[GIVEN INFORMATION]

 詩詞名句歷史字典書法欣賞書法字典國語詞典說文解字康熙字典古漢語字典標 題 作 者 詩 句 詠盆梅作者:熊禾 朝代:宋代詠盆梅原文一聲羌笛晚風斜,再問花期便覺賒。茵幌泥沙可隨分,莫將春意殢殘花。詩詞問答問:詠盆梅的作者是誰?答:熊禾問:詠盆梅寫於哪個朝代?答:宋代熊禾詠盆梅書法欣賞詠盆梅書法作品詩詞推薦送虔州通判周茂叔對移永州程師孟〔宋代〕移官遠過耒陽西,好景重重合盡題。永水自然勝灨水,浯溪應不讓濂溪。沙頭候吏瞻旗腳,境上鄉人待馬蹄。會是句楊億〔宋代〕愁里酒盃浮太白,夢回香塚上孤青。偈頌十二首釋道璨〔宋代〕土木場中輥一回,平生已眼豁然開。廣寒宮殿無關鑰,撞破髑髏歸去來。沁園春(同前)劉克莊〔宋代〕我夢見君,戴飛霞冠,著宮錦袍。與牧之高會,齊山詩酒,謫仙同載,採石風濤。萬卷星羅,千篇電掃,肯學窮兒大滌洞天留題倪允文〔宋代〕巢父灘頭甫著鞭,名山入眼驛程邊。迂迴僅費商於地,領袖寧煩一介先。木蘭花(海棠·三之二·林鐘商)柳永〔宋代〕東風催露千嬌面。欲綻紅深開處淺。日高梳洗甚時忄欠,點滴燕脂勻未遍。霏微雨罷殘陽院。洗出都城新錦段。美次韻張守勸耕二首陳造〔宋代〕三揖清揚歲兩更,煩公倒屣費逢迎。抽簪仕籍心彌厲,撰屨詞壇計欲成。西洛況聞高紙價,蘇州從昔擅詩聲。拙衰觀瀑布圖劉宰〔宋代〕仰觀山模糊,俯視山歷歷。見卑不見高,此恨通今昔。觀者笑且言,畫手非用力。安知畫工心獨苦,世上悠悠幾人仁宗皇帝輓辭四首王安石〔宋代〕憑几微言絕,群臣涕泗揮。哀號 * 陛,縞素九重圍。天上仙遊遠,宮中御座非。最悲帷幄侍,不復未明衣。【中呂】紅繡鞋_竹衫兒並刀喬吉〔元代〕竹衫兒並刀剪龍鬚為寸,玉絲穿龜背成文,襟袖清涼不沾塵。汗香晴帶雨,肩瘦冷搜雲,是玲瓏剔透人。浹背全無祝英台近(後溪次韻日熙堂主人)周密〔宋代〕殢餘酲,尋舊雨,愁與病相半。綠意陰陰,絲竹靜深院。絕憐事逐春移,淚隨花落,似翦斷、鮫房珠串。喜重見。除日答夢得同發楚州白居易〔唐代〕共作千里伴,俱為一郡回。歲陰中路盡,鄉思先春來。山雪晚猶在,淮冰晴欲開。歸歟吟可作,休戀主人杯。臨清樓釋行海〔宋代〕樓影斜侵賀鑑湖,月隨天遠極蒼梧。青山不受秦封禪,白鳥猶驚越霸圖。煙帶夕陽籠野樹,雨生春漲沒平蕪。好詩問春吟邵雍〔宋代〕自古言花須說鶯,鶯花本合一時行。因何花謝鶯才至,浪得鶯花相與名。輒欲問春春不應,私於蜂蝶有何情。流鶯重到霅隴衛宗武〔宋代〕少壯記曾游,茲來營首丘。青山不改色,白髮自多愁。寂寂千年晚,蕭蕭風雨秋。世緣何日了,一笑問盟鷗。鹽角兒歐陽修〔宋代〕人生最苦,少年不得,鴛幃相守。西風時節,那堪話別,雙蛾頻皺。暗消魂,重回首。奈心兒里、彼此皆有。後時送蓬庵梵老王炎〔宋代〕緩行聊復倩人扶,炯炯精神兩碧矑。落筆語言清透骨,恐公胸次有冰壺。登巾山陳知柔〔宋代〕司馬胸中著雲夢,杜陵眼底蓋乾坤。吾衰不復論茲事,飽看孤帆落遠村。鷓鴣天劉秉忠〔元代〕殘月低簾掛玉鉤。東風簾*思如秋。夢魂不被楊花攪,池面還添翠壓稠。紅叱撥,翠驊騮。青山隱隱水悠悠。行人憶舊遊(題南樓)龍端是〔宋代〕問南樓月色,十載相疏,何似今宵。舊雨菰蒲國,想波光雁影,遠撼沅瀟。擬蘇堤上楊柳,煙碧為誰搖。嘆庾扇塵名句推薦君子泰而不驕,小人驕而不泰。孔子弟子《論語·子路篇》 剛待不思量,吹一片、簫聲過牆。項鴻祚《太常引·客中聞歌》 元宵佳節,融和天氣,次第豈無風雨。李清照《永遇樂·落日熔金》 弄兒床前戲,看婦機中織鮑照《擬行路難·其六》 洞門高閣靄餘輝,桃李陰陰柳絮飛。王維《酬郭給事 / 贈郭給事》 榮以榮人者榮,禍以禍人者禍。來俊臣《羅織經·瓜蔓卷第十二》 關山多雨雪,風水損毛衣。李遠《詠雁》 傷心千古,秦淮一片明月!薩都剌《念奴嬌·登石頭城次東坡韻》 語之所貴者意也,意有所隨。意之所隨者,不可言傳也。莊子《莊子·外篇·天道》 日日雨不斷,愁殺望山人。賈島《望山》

[/GIVEN INFORMATION]
[GIVEN INFORMATION]

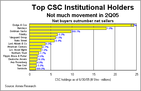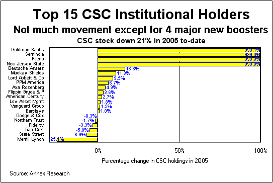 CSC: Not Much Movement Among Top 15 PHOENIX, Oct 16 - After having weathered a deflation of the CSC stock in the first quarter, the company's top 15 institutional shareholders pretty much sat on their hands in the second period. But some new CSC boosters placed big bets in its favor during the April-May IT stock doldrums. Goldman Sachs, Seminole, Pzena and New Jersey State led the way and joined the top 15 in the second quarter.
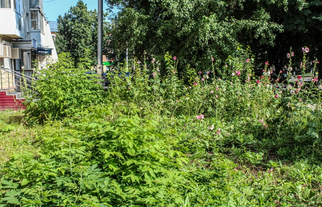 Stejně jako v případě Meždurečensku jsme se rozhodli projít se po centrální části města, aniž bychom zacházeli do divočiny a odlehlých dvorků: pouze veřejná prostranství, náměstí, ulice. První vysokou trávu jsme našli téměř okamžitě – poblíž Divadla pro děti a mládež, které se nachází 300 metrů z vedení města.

[/GIVEN INFORMATION]
[GIVEN INFORMATION]

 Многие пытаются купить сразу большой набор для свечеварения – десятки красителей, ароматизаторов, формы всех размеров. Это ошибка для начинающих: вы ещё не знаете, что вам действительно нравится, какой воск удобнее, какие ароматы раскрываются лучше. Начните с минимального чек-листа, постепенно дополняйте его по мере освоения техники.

[/GIVEN INFORMATION]

ASSIGNED TASK - Above are the records; please give again, exactly and in full, only the lines that run from the line with "CSC: Not Much" through the line with "Stejně jako v", with no pictures.

TASK RESULT -
 CSC: Not Much Movement Among Top 15 PHOENIX, Oct 16 - After having weathered a deflation of the CSC stock in the first quarter, the company's top 15 institutional shareholders pretty much sat on their hands in the second period. But some new CSC boosters placed big bets in its favor during the April-May IT stock doldrums. Goldman Sachs, Seminole, Pzena and New Jersey State led the way and joined the top 15 in the second quarter.
 Stejně jako v případě Meždurečensku jsme se rozhodli projít se po centrální části města, aniž bychom zacházeli do divočiny a odlehlých dvorků: pouze veřejná prostranství, náměstí, ulice. První vysokou trávu jsme našli téměř okamžitě – poblíž Divadla pro děti a mládež, které se nachází 300 metrů z vedení města.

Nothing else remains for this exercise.